On December 14, 1944, Thomas led a task force storming Climbach, consisting of a platoon from the 756th Tank Battalion and a reinforced company of the 411th Infantry Regiment, 103rd Infantry Division, led by a platoon of his tank destroyers. Approaching Climbach, Thomas' armored scout car was knocked out by enemy fire and he was wounded.

The lieutenant helped his crew out of the vehicle, but as he left the car's protection, he was again wounded in the chest, legs and arms. Despite his wounds, Thomas directed the dispersal and emplacement of the anti-tank guns, which then returned fire and covered the attempt by the rest of the task force to outflank the defenders. He briefed one of his platoon leaders, a junior lieutenant, on the general situation, and only when he was sure the situation was under control did he allow himself to be evacuated. The platoon continued to fight for four hours, losing two of its four guns and half its men as casualties (3 dead, 17 wounded).

The strong performance of the platoon ensured the capture of the town and forced the defenders to withdraw to the Siegfried Line; the unit was awarded a Distinguished Unit Citation (the first black combat unit, and the first unit attached to the 103rd Division, to be so honored) and its men received four Silver Stars and nine Bronze Stars. Thomas himself was awarded the Distinguished Service Cross for his part in the engagement, and returned home a hero, though he played down his role - "I know I was sent out to locate and draw the enemy fire, but I didn't mean to draw that much."

Thomas remained in the Army, and retired with the rank of Major.
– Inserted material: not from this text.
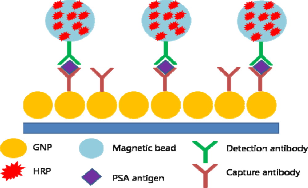 Gold nanoparticles are used as molecular imaging agents, but GNP film electrodes have also been proven to be useful in detecting cancer biomarker proteins. By applying multilabeled detection antibody-magnetic bead bioconjugates, an ultrasensitive electrochemical immunosensor for cancer biomarker proteins has been designed. Magnetic beads have been conjugated with horse radish peroxide (HRP) and a secondary antibody, providing multiple enzyme labels for each PSA to be detected. On the surface of the GNP electrode, capture antibodies have been attached for PSA antigen binding. By applying voltage and H2O2, a sensitive immunosensor was realized (Figure 4). The authors claimed the immunosensor was better than a previously reported carbon nanotube (CNT) forest immunosensor with multiple labels on the CNTs [].

In the 1990s, following a study which indicated severe racial discrimination in the process of awarding medals during the war, it was recommended that seven Distinguished Service Crosses be upgraded to Medals of Honor, and Thomas was awarded the Medal of Honor posthumously on January 13, 1997.

Awards and decoration[edit]

Thomas, then ranked Captain, being awarded the Distinguished Service Cross, 1945

Awards and Decorations: Medal of Honor (as of September 23, 1996); Purple Heart; European-African-Middle Eastern Campaign Medal; World War II Victory Medal.

A light blue ribbon with five white five pointed stars
Medal of Honor
Purple Heart European-African-Middle Eastern Campaign Medal World War II Victory Medal

Medal of Honor citation[edit]

Thomas' Medal of Honor citation reads:

For extraordinary heroism in action on December 14, 1944, near Climbach, France. While riding in the lead vehicle of a task force organized to storm and capture the village of Climbach, France, then First Lieutenant Thomas's armored scout car was subjected to intense enemy artillery, self-propelled gun, and small arms fire. Although wounded by the initial burst of hostile fire, Lieutenant Thomas signalled the remainder of the column to halt and, despite the severity of his wounds, assisted the crew of the wrecked car in dismounting. Upon leaving the scant protection which the vehicle afforded, Lieutenant Thomas was again subjected to a hail of enemy fire which inflicted multiple gunshot wounds in his chest, legs, and left arm. Despite the intense pain caused by these wounds, Lieutenant Thomas ordered and directed the dispersion and emplacement of two antitank guns which in a few moments were promptly and effectively returning the enemy fire. Realizing that he could no longer remain in command of the platoon, he signalled to the platoon commander to join him. Lieutenant Thomas then thoroughly oriented him on enemy gun dispositions and the general situation. Only after he was certain that his junior officer was in full control of the situation did he permit himself to be evacuated. First Lieutenant Thomas' outstanding heroism were an inspiration to his men and exemplify the highest traditions of the Armed Forces.